▶ **Try it**
Don't include pictures. Quote the lines below from the first through the line that contains "ラッセルレースがエアリーな雰".

▶ **Data**
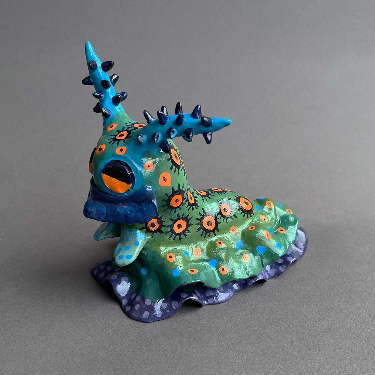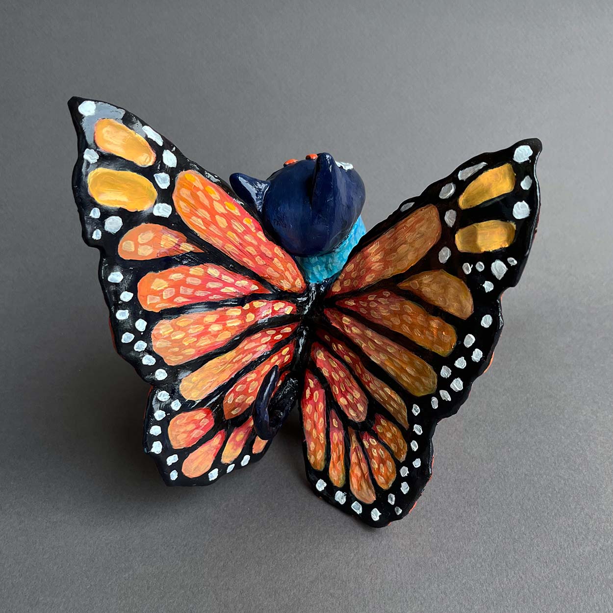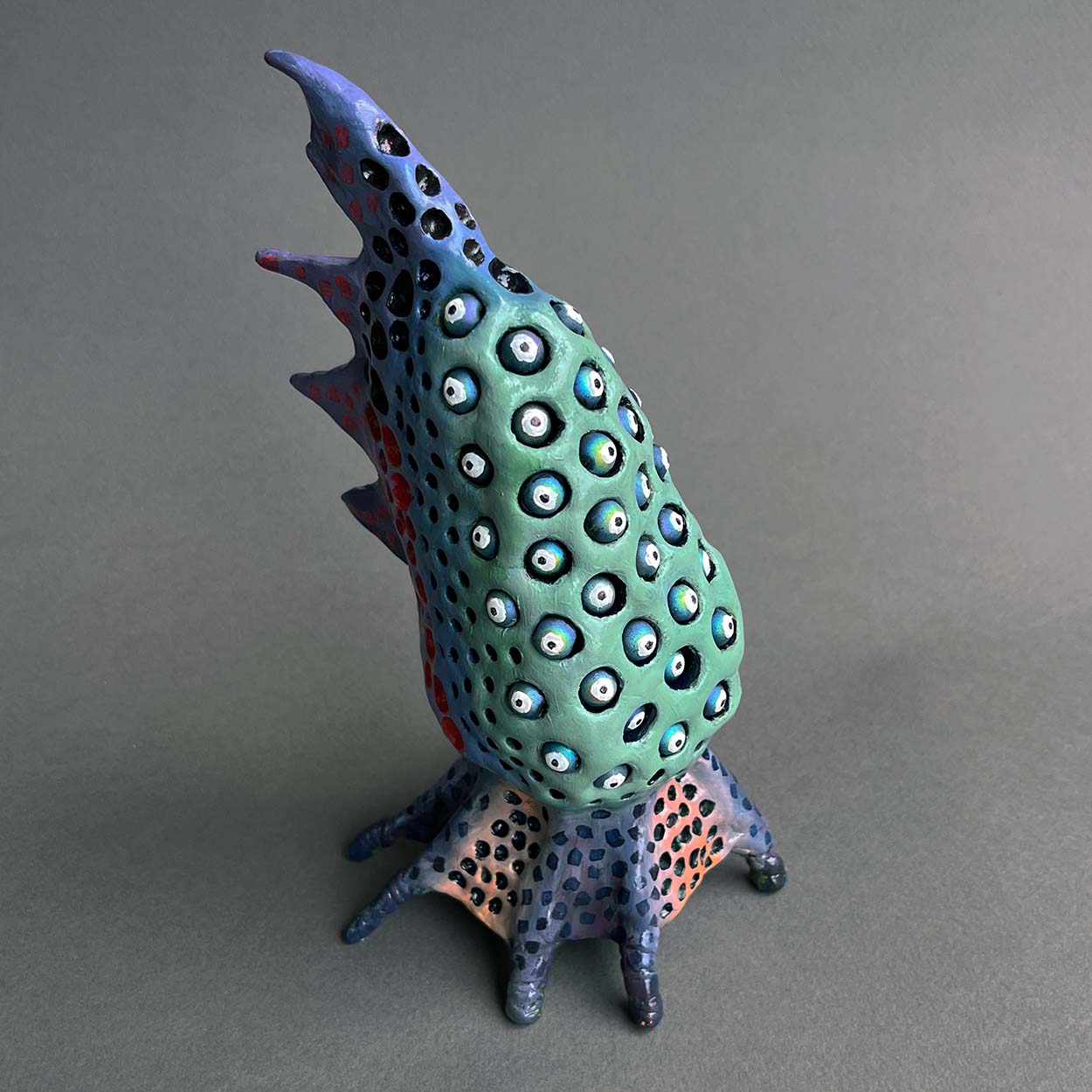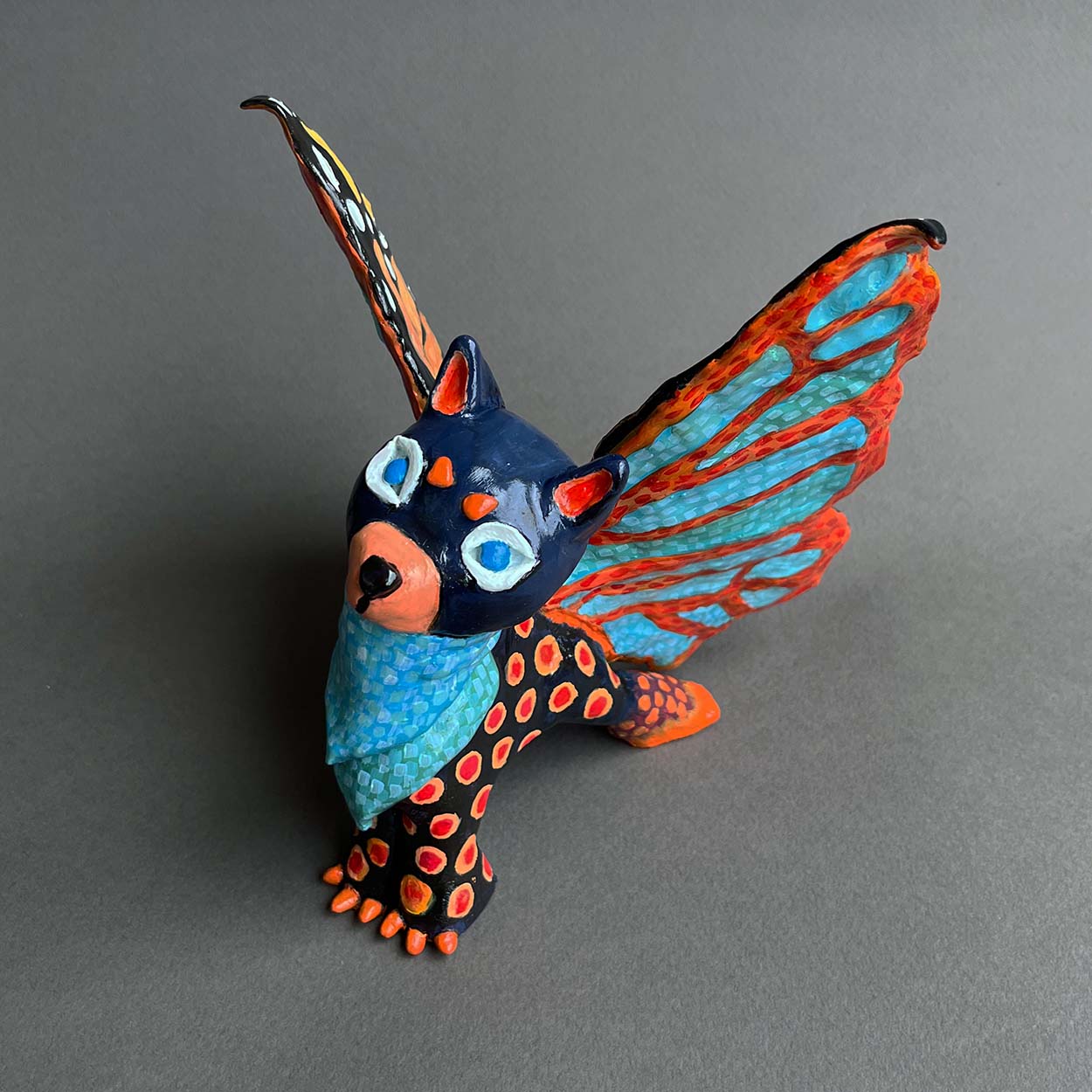 This project is a tridimensional visual essay to embrace emotions experienced in the process of change or “Hero’s Journey.” I used the phases of the butterfly cycle to depict different stages’ emotions. To make them less frightening for me, I chose to reimagine them into fantastical creatures, painting them with a limited colour scheme but squeezing as many colour variations as possible. I added the patterns that my variety of brushes allowed me and drew on to some other visual resources, such as trypophobia, to emphasize “fear” or “discomfort” in one of the phases. I was deeply inspired by Mexican folk art called “Alebrijes,” part of my culture.
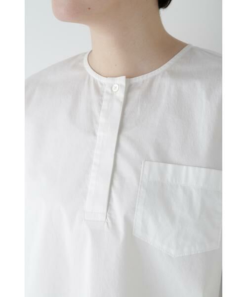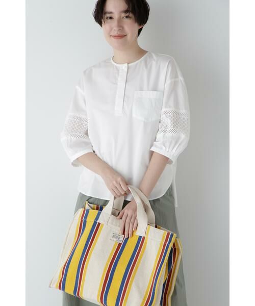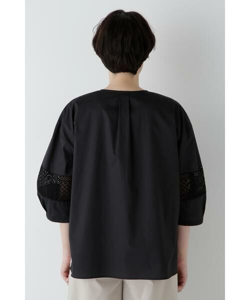 ラッセルレースがエアリーな雰囲気を演出するドッキングブラウス【デザインのポイント】フォルムを付けたハーフスリーブにボーダーラッセルレースを切り替えたノーカラープルオーバーです。【素材のポイント】細番手の綿糸を高密度に織り上げ、ふくらみの出るワッシャーで仕上げたハイカウントツイルを使用しています。袖の切り替えはケミカル風に仕上げた幾何学柄のラッセルレースです。【おすすめコーディネート】一枚着として存在感のあるトップスです。デニムなどカジュアルなボトムと合わせても華やかなスタイリングに仕上がります。透け感/なし|裏地/なし|光沢/なし|生地の厚さ/普通|伸縮性/なし|シルエット/スタンダード
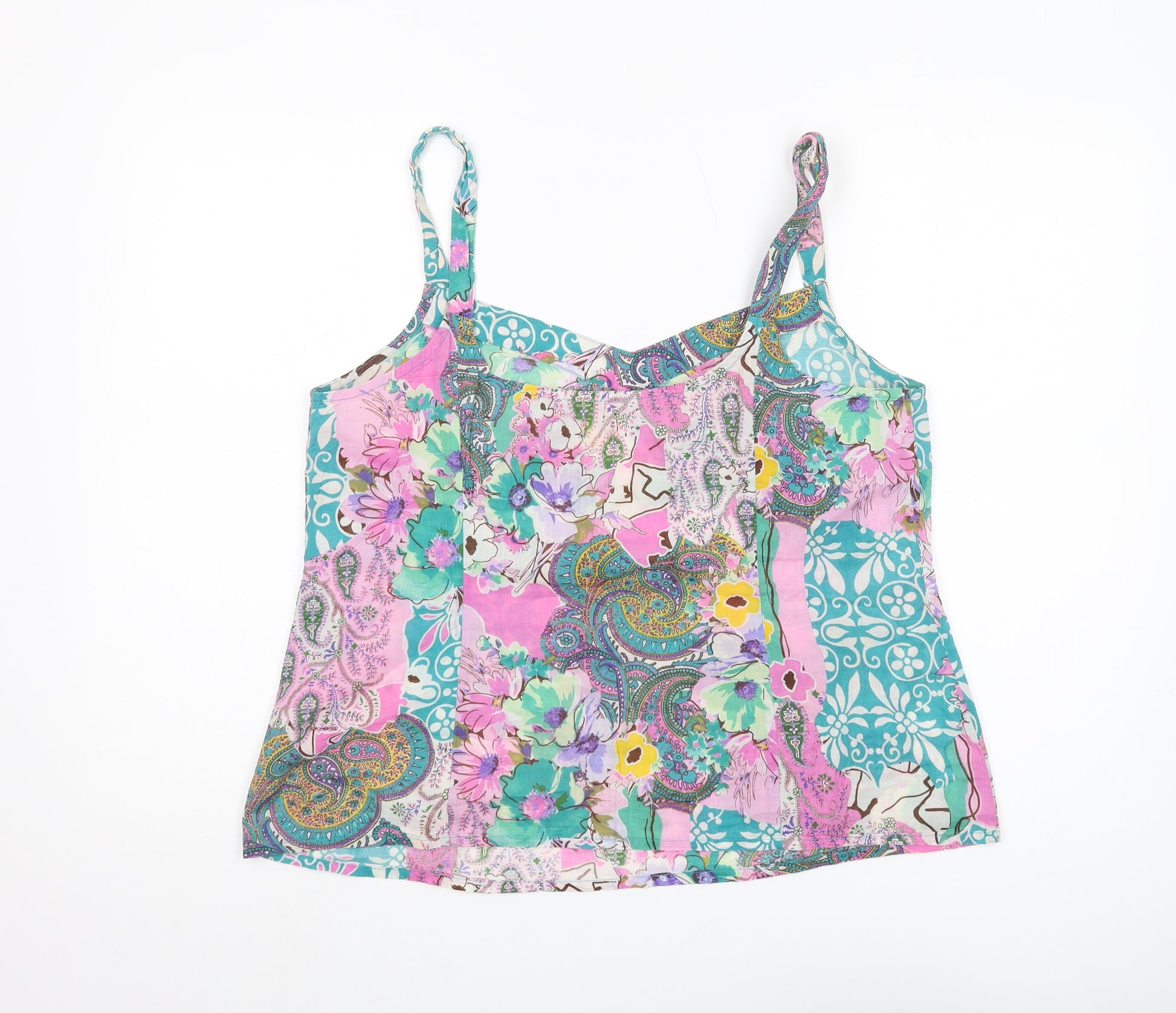 Introducing this charming Marks and Spencer tank top, an essential addition to any summer wardrobe. Designed for everyday wear, this women's camisole offers a delightful multicoloured floral and paisley pattern, perfect for adding a splash of colour to your casual outings. Made from 100% cotton, this piece ensures breathability and comfort throughout the day. Its woven fabric type and lightweight features make it an effortless choice for those warm summer days. Featuring a flattering sweetheart neckline and spaghetti straps, this top provides a stylish and relaxed fit. With easy care in mind, it is machine washable, making maintenance a breeze. Whether you're out for a casual day in the city or enjoying a laid-back beach outing, this tank top is the epitome of versatile fashion. Order yours today and bring an element of fresh elegance to your summer style.

▶ **Result for this task**
 This project is a tridimensional visual essay to embrace emotions experienced in the process of change or “Hero’s Journey.” I used the phases of the butterfly cycle to depict different stages’ emotions. To make them less frightening for me, I chose to reimagine them into fantastical creatures, painting them with a limited colour scheme but squeezing as many colour variations as possible. I added the patterns that my variety of brushes allowed me and drew on to some other visual resources, such as trypophobia, to emphasize “fear” or “discomfort” in one of the phases. I was deeply inspired by Mexican folk art called “Alebrijes,” part of my culture.
 ラッセルレースがエアリーな雰囲気を演出するドッキングブラウス【デザインのポイント】フォルムを付けたハーフスリーブにボーダーラッセルレースを切り替えたノーカラープルオーバーです。【素材のポイント】細番手の綿糸を高密度に織り上げ、ふくらみの出るワッシャーで仕上げたハイカウントツイルを使用しています。袖の切り替えはケミカル風に仕上げた幾何学柄のラッセルレースです。【おすすめコーディネート】一枚着として存在感のあるトップスです。デニムなどカジュアルなボトムと合わせても華やかなスタイリングに仕上がります。透け感/なし|裏地/なし|光沢/なし|生地の厚さ/普通|伸縮性/なし|シルエット/スタンダード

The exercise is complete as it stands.